---------- Records for the exercise

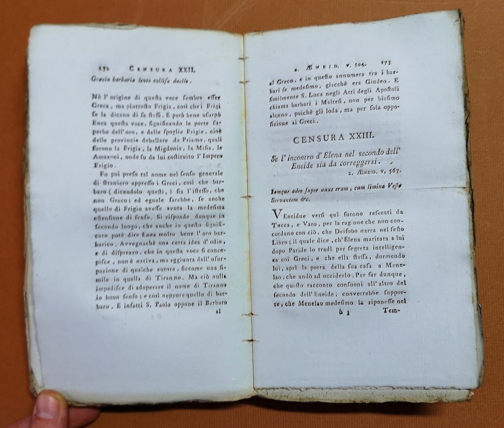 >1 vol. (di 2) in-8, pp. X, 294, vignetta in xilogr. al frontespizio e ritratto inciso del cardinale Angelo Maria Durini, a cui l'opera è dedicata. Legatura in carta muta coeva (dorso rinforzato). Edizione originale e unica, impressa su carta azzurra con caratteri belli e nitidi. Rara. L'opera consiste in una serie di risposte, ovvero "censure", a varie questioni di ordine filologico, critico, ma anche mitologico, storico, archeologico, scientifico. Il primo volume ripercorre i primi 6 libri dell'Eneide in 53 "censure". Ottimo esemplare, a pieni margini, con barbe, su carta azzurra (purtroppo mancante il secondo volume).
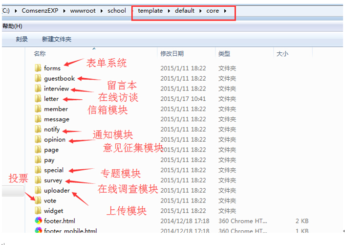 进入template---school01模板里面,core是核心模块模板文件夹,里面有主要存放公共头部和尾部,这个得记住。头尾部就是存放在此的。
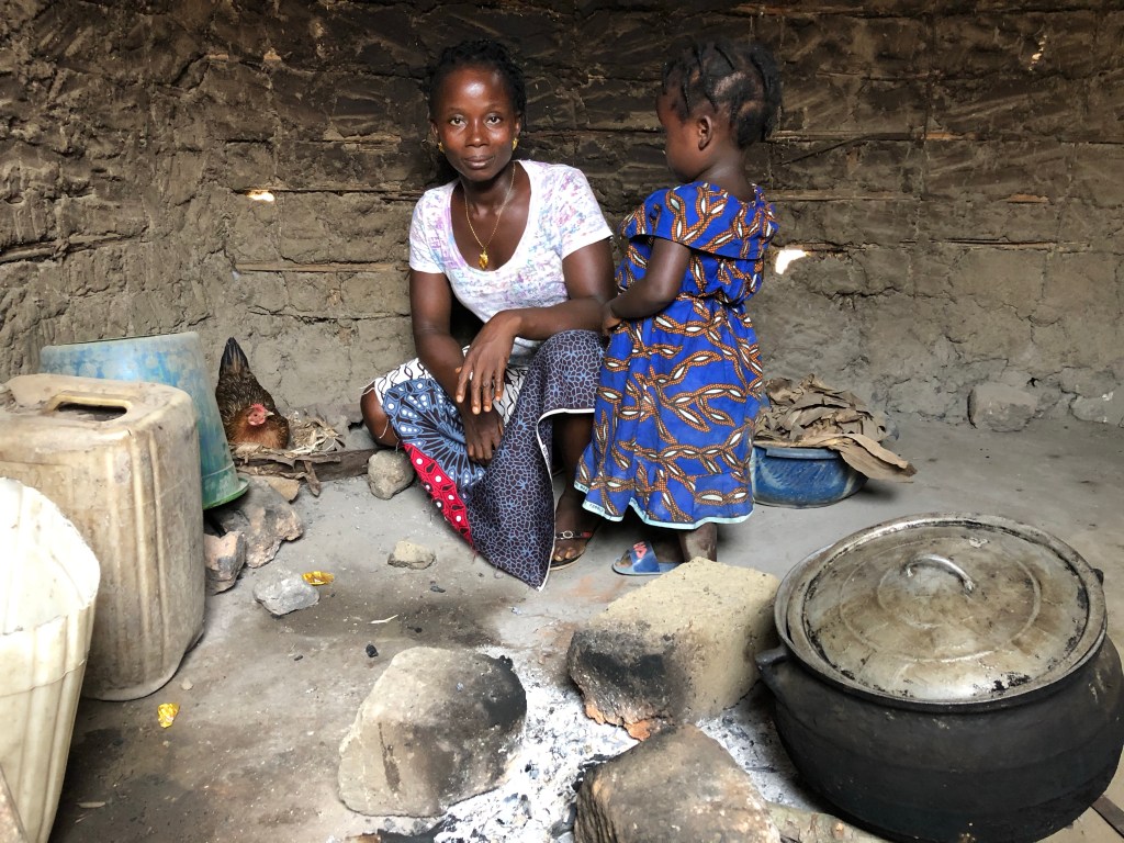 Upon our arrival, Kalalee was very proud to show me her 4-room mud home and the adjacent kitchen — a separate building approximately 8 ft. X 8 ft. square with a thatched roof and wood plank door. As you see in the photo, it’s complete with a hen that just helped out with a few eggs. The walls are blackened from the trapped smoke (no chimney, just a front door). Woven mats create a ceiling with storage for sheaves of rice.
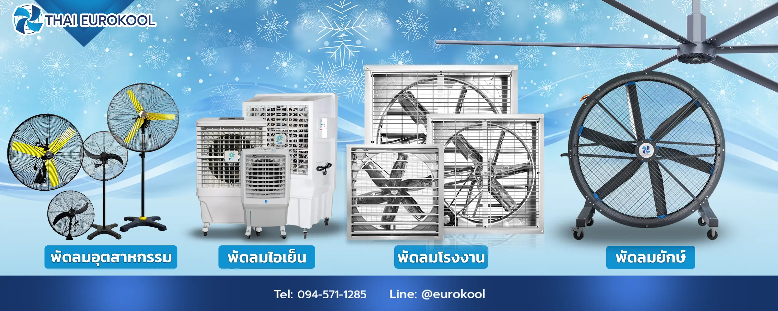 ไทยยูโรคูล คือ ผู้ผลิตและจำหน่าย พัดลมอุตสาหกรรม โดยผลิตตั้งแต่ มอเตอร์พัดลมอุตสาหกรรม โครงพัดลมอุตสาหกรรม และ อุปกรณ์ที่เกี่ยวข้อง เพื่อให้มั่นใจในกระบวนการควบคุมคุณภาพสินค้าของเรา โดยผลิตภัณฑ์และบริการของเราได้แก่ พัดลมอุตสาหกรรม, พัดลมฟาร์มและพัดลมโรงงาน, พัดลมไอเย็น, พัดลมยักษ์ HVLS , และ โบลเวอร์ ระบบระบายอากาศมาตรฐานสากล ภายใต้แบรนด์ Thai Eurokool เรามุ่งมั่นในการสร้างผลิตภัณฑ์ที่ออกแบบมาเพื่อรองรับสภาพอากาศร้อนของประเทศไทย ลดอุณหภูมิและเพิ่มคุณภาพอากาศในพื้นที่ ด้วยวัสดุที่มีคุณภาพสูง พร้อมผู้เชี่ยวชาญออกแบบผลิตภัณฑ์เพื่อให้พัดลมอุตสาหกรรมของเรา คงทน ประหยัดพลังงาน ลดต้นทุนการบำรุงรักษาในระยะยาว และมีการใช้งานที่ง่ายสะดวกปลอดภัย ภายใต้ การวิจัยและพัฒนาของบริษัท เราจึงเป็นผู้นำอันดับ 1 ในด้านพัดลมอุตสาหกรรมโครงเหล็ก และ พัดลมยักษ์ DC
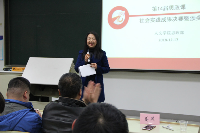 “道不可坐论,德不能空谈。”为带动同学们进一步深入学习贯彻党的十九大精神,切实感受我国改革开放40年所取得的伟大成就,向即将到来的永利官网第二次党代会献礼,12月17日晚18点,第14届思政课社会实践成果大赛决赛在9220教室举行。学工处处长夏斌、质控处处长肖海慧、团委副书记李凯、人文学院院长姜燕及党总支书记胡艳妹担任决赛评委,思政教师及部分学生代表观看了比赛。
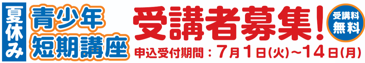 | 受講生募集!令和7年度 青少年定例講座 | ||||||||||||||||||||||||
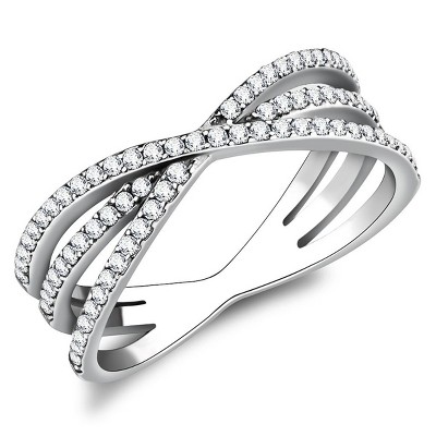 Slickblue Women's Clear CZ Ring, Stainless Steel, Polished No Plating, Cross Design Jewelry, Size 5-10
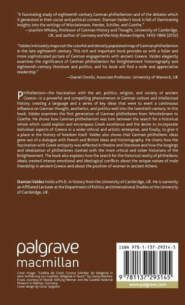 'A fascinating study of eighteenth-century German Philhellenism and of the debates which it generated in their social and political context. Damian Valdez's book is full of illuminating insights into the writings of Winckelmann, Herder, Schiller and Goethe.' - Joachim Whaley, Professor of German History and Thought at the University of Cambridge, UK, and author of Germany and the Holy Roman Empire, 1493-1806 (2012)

--------------------

• **Exercise aim**
Reproduce the data above word for word from its first line through the line that holds "进入template---s", both ends included; skip pictures.

• **Response area**
 >1 vol. (di 2) in-8, pp. X, 294, vignetta in xilogr. al frontespizio e ritratto inciso del cardinale Angelo Maria Durini, a cui l'opera è dedicata. Legatura in carta muta coeva (dorso rinforzato). Edizione originale e unica, impressa su carta azzurra con caratteri belli e nitidi. Rara. L'opera consiste in una serie di risposte, ovvero "censure", a varie questioni di ordine filologico, critico, ma anche mitologico, storico, archeologico, scientifico. Il primo volume ripercorre i primi 6 libri dell'Eneide in 53 "censure". Ottimo esemplare, a pieni margini, con barbe, su carta azzurra (purtroppo mancante il secondo volume).
 进入template---school01模板里面,core是核心模块模板文件夹,里面有主要存放公共头部和尾部,这个得记住。头尾部就是存放在此的。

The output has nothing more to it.